Grant Jones turning to Roderick said: “Well, what do you think of the Major’s theory?”

“I fear,” said Roderick in a serious tone, “that it is not a theory but an actual condition.”

“Bravo,” said the Major as he arose from his chair and advanced to Roderick, extending his hand. “All truth,” said he, “in time will be uncovered, truth that today is hidden beneath the débris of formalities, ignorance, and superstition.”

“But why, Major,” asked Grant, “are there so many divorces? Do not contracting parties know their own minds? Now it seems impossible to conceive of my ever wanting a divorce from a certain little lady I know,” he added with a pleasant laugh—the care-free, confiding laugh of a boy.

“My dear Jones,” said the Major, “the supposed reasons for divorce are legion—the actual reasons are perhaps few. However it is not for me to say that all the alleged reasons are not potent and sufficient. When we hear two people maligning each other in or out of the court we are prone to believe both are telling the truth. Truth is the underlying foundation of respect, respect begets friendship, and friendship sometimes is followed by the more tender passion we call love. A man meets a woman,” the Major went on, thoughtfully, “whom he knows is not what the world calls virtuous. He may fall in love with her and may marry her and be happy with her. But if a man loves a woman he believes to be virtuous and then finds she is not—it is secretly regarded by him as the unforgivable sin and is doubtless the unspoken and unwritten allegation in many a divorce paper.”

He mused for a moment, then went on: “Sometime there will be a single standard of morals for the sexes, but as yet we are not far enough away from the brutality of our ancestors. Yes, it is infinitely better,” he added, rising from his chair, “that a home should be broken into a thousand fragments through the kindly assistance of a divorce court rather than it should only exist as a family battle ground.” The tone of his voice showed that the talk was at an end, and he bade his visitors a courteous good-night, with the cordial addition: “Come again.”

“It was great,” remarked Roderick, as the young men wended their homeward way. “What a wealth of new thought a fellow can bring away from such a conversation!”

“Just as I told you,” replied Grant “But the Major opens his inmost heart like that only to his chosen friends.”

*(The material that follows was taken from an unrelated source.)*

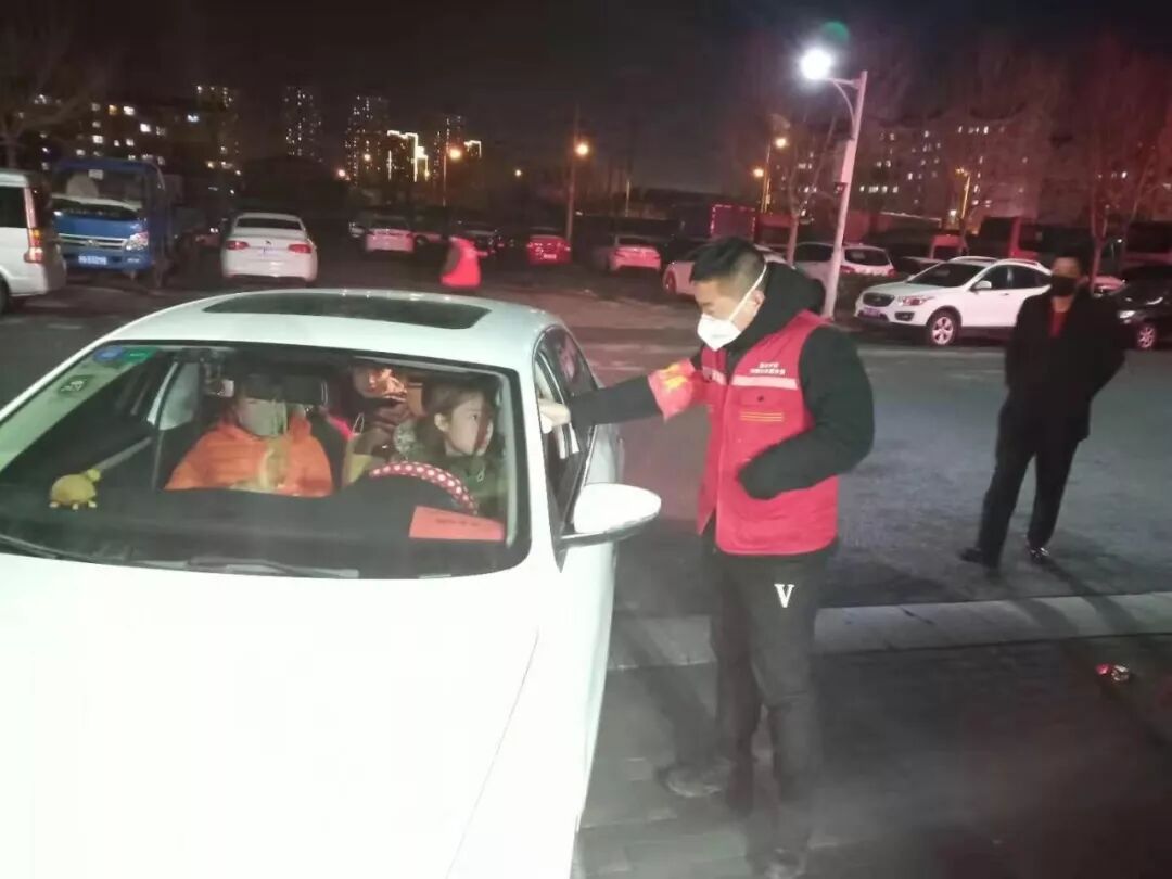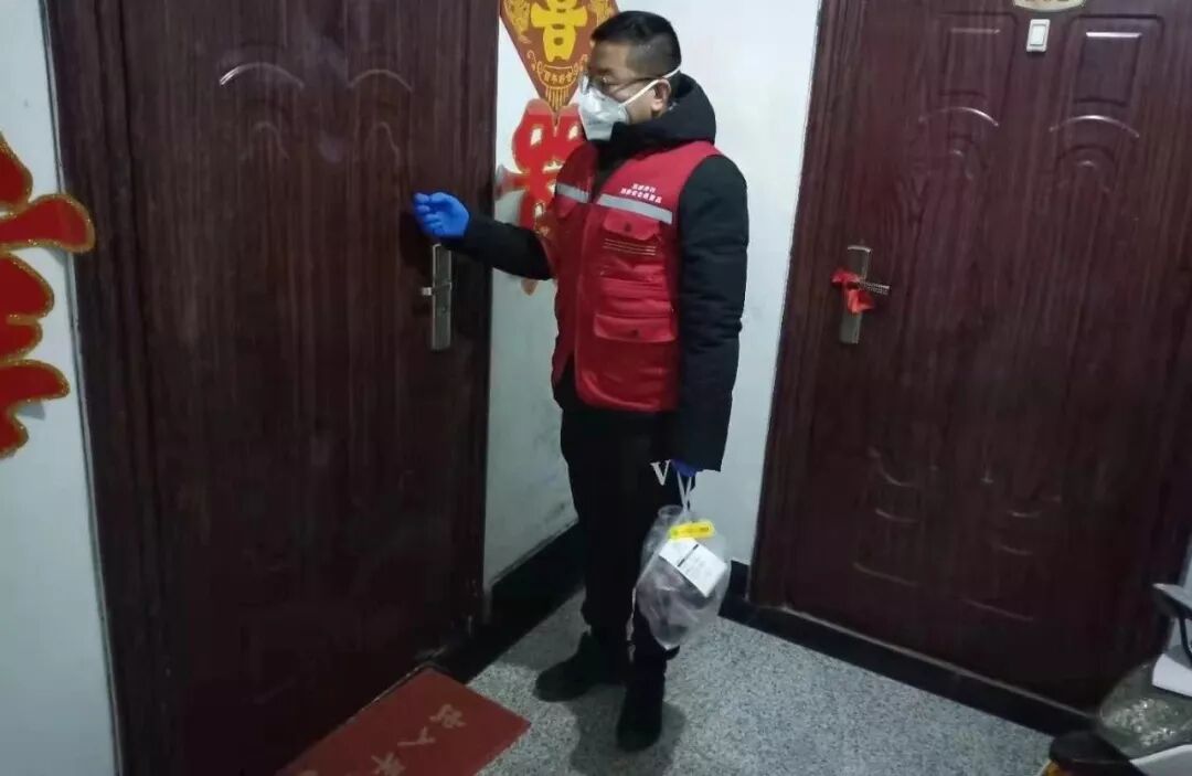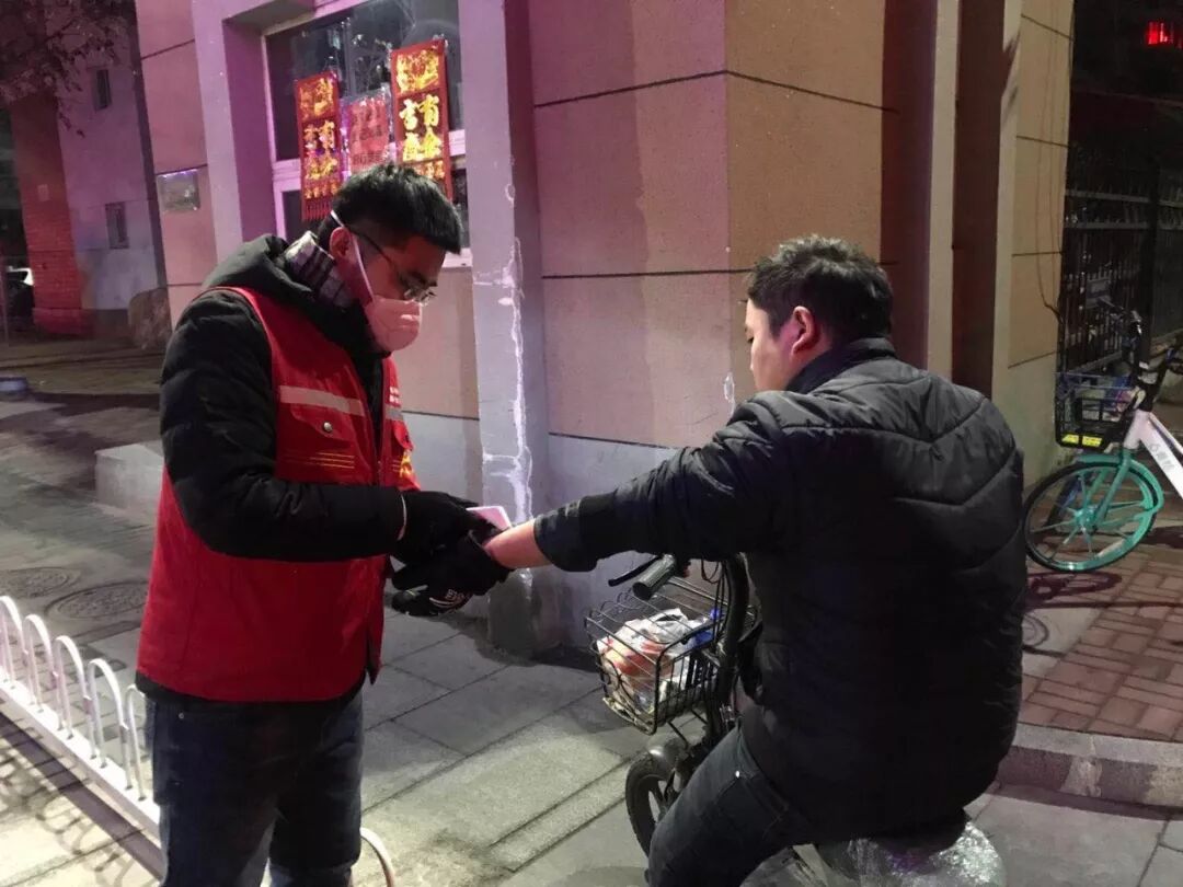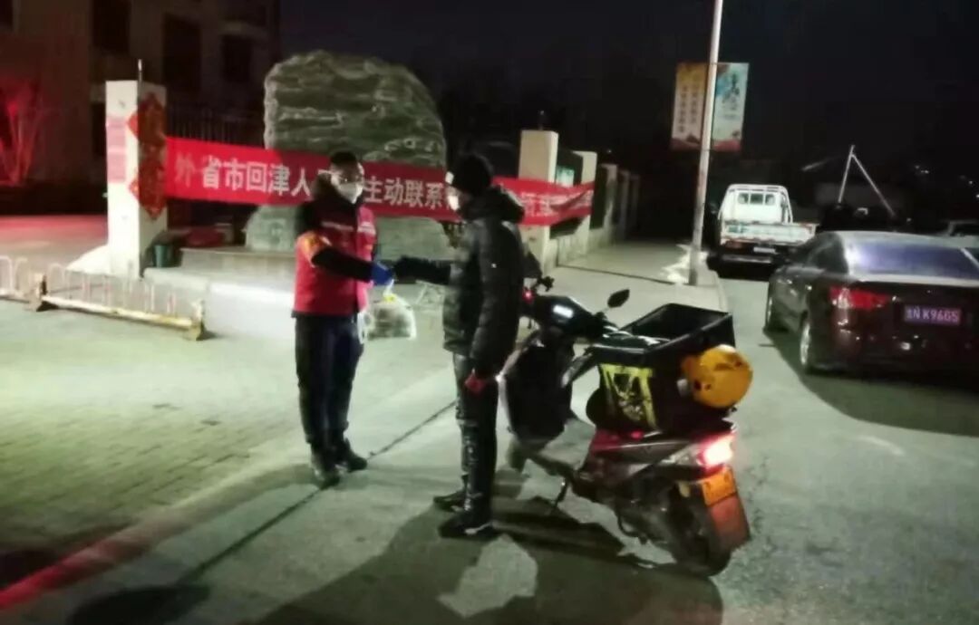 晚上8:00,街边璀璨的灯光依旧闪烁,提醒着人们年的味道。但疫情肆虐下,往常热闹的村落却人烟稀少,只剩下在逢春还寒的夜晚坚守岗位的防疫队员们的身影。此刻,马强正在充当着“外卖送餐员” 为一户正处于居家观察期的家庭送外卖。“现在特殊情况,外卖和快递配送都不能进小区,但又要保证居家观察人员的生活需求,咱们就来承担起这最后一公里的配送工作吧!”马强对记者说。之后,马强又继续回到小区入口处拿起了测温仪,从同事手里接过了夜间的值守工作。这个夜晚,马强要坚守到凌晨零点才能下班。

“Then I’m mighty glad to be enrolled among the number,” said Roderick. “Makes a chap feel rather shy of matrimony though, doesn’t it?”

“Not on your life. True love can never change—can never wrong itself. When you feel that way toward a girl, Warfield, and know that the girl is of the same mind, go and get the license—no possible mistake can be made.”

Grant Jones was thinking of Dorothy Shields, and his face was aglow. To Roderick had come thought of Stella Rain, and he felt depressed. Was there no mistake in his love affair?—this was the uneasy question that was beginning to call for an answer. And yet he had never met a girl whom he would prefer to the dainty, sweet, unselfish, brave little “college widow” of Galesburg.